Being a machine learning researcher, I always want to use machine learning/data science to solve real-world problems, particularly for education, the environment, and the healthcare sector.
What it does
Our first objective was to aggregate the features e.g. noise, temperature, humidity, etc for each location. However, it is not possible to aggregate it reliably using raw latitude and longitude values. Therefore, we divided the given spatial area (based on minimum and maximum lat and lon values) into square grids (cells) of 5meters by 5 meters area, and then computed the mean features (e.g. noise, temperature, humidity etc) for each cell (or cell_id).
In this project, we first convert the raw locations into 5 by 5-meter square grids so that features such as temperature humidity, noise, wifi signal strength, etc. can be aggregated.

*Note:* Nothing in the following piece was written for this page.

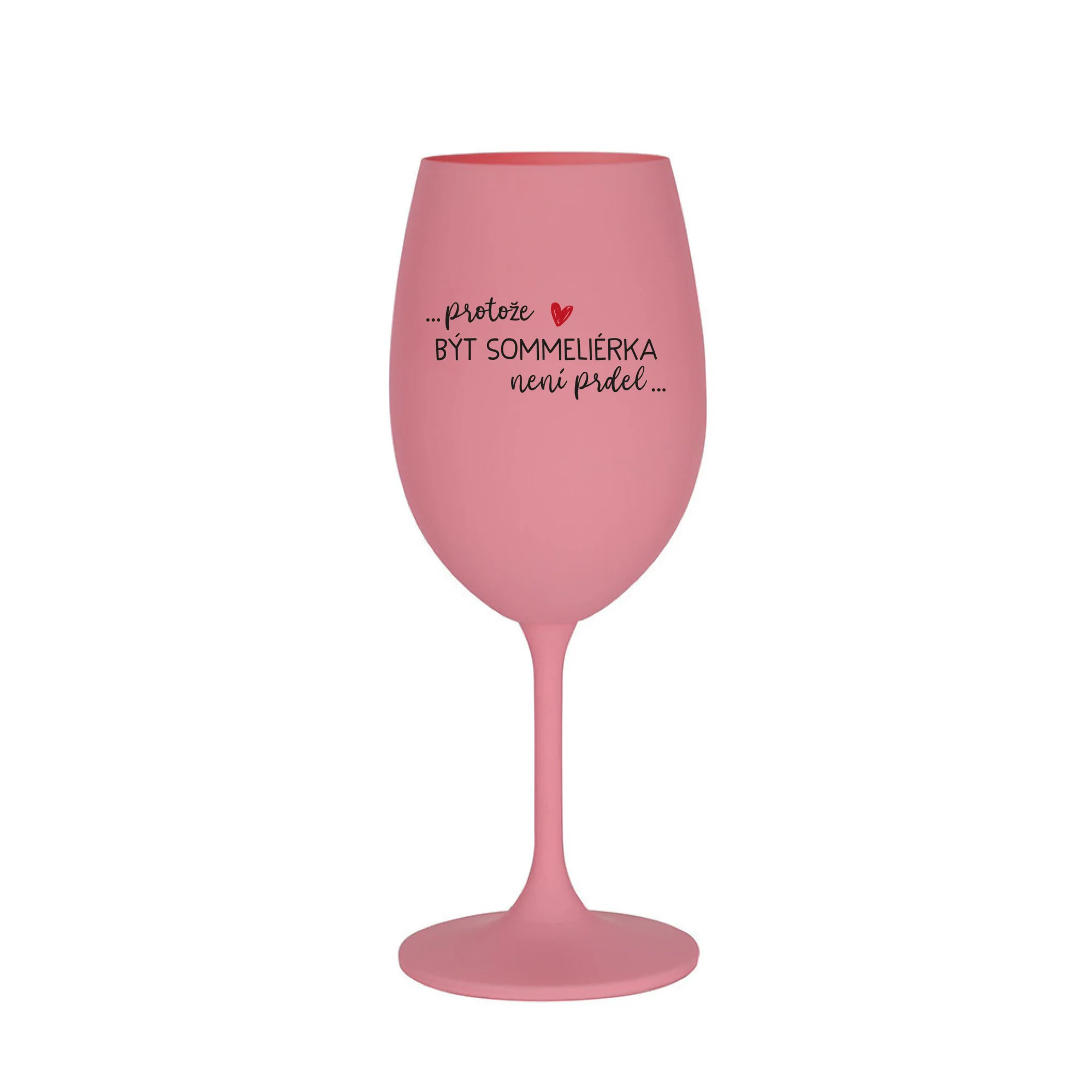 PROTOŽE BÝT SOMMELIÉRKA NENÍ PRDEL - růžová sklenice na víno 350 ml

Based on the observation of the WifiAccessPoints, we can see there are mainly four types of PDSB network:
PDSB_Wifi - mainly for school students PDSB_GUEST - Mainly for guests and visitors to the schools PDSB_Media Assume, it is mainly for downloading large media or streaming PDSB_Admin - for school admins and staffs
For each lat, lon, we extract the mean, minimum, and maximum signal strength for each of the above four type Networks. we also extract the number of networks available in each category for each location.

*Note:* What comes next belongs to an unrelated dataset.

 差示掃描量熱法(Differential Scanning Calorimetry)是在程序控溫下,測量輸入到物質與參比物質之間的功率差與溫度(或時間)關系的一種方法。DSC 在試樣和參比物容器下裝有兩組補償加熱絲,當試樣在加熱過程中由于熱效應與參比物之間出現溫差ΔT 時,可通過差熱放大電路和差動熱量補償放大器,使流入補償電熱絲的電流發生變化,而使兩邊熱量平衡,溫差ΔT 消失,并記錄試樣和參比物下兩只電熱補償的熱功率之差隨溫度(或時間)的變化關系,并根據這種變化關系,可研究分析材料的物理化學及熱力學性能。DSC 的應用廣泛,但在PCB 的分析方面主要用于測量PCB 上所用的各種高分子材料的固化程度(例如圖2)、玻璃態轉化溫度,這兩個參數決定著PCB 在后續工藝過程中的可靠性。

These grid-wise aggregated features can be used to find locations where students:
(i) feel more comfortable to study based on temperature, humidity, and noise_level (ii) students get better internet connection with more options of network available (iii) parents and visitors can also find the locations where they can get a better GUEST network connection etc.
We also provide color visualization of these features on a map (using folium) for better understanding. Each circlemarker on the folium map is shown by different colors (range) depending on the different values of the feature. Moreover, clicking on any circleMarker also pops up the corresponding feature value at that location.

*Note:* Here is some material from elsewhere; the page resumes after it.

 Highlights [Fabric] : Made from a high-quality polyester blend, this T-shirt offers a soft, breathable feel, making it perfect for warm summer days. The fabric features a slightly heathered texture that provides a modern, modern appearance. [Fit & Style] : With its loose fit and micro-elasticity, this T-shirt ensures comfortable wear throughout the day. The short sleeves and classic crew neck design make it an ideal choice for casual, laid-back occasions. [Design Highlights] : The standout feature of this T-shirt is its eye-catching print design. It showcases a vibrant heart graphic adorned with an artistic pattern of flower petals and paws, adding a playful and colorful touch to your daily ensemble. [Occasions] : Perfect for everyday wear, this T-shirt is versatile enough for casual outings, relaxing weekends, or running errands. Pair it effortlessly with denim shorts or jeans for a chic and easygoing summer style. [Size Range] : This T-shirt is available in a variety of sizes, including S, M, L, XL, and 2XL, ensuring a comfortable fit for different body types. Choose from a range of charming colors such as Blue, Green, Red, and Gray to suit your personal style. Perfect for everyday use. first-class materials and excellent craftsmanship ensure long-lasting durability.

We also compute how temperature, humidity, noise and wifi signal strength changes across different sessions of a day (early morning, morning, noon, etc.) across different location grids.
These analyses can be helpful for daily planning of leisure area usage. e.g. less noisy or comfortable space with good internet connectivity can be used as study spaces. During summer or at certain times, areas with higher temperature and humidity will have reinforced availability of water and refreshments. This tool can be used by school administrators for daily planning, arranging leisure activities, study spaces, providing better connectivity for guests and visitors
How I built it
Programmed in Jupyter notebook.
Challenges I ran into
- convert raw data into grids, which is a complex task
- extract different features from the WifiAccessPoints column.
Accomplishments that I'm proud of
We were able to do most of the part in such a short time, and hope our analysis can be helpful to improve school resources availability.
What I learned
Handling the Spatio-temporal data from the Education field.